In a small British pilot study, 16 individuals diagnosed with schizophrenia were able to control their auditory hallucinations with an experimental treatment called “avatar therapy.” The treatment involves creating a computer-based representation – including a face and a voice – of the entity they believe is talking to them. The individual’s therapist is then able to speak through the avatar, encouraging the individual to counter the voice and to take control of the hallucinations. Three of the 16 people who participated in the study completely stopped hearing their voices as a result of the therapy, and almost all of the participants reported a reduction in frequency and in the severity of distress the voices caused, according to a published report. Because of the pilot’s success, The Wellcome Trust will fund a larger study, to be led by researchers at King’s College London’s Institute of Psychiatry. Thomas Craig, the psychiatrist who will lead the larger trial, said that if the study is successful, the therapy could be widely available within a few years.
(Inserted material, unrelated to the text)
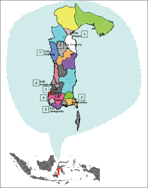 Samples were collected from eight districts in South Sulawesi Province, Indonesia, throughout 2023. This location was selected because it had the highest cattle population in South Sulawesi. The location of these areas is shown in Figure 1. The average annual temperature is 26°C.
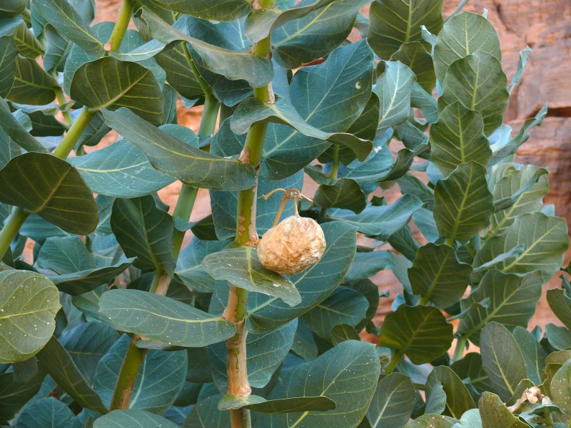 Eine vertrocknete Frucht ("Sodomsapfel") am Oscherstrauch

Although Dr. Torrey believes that individuals diagnosed with mental health conditions should be force-medicated if they refuse to take medication voluntarily, journalist Robert Whitaker shows that medication contributes to chronicity. In the era that followed the introduction of Thorazine in 1955 there has been an exponential rise in the numbers of individuals disabled by mental health disorders, he reports in his book “Anatomy of an Epidemic.” Whitaker told Behavioral Healthcare, “… nfortunately I’m afraid psychiatry no longer knows how to get back on track with honest reporting of what it does and does not know, and honest investigations of psychiatric medications …  Ultimately, I think we need a new paradigm built on the framework of psychosocial and recovery practices.”

The “60 Minutes” producers made a serious error in relying upon Dr. E. Fuller Torrey as its main source. Torrey admits to fabricating “evidence” to further his goal of making it easier to lock up people who have psychiatric diagnoses. Toward this end, he has for years engaged in “an intensive public relations campaign linking mental illness with violence.”

To the contrary, according to a NY Times article, only about 4 percent of violence in the United States can be attributed to people with mental illness.” And the 4 percent statistic is about violence of any kind – which, according to the study cited, would include something as relatively innocuous as threatening behavior – as opposed to just homicides. Also, since the fears of the general public largely focus on strangers with mental health conditions, it is significant to report another study, which estimated that there is only one stranger homicide per 14.3 million people per year.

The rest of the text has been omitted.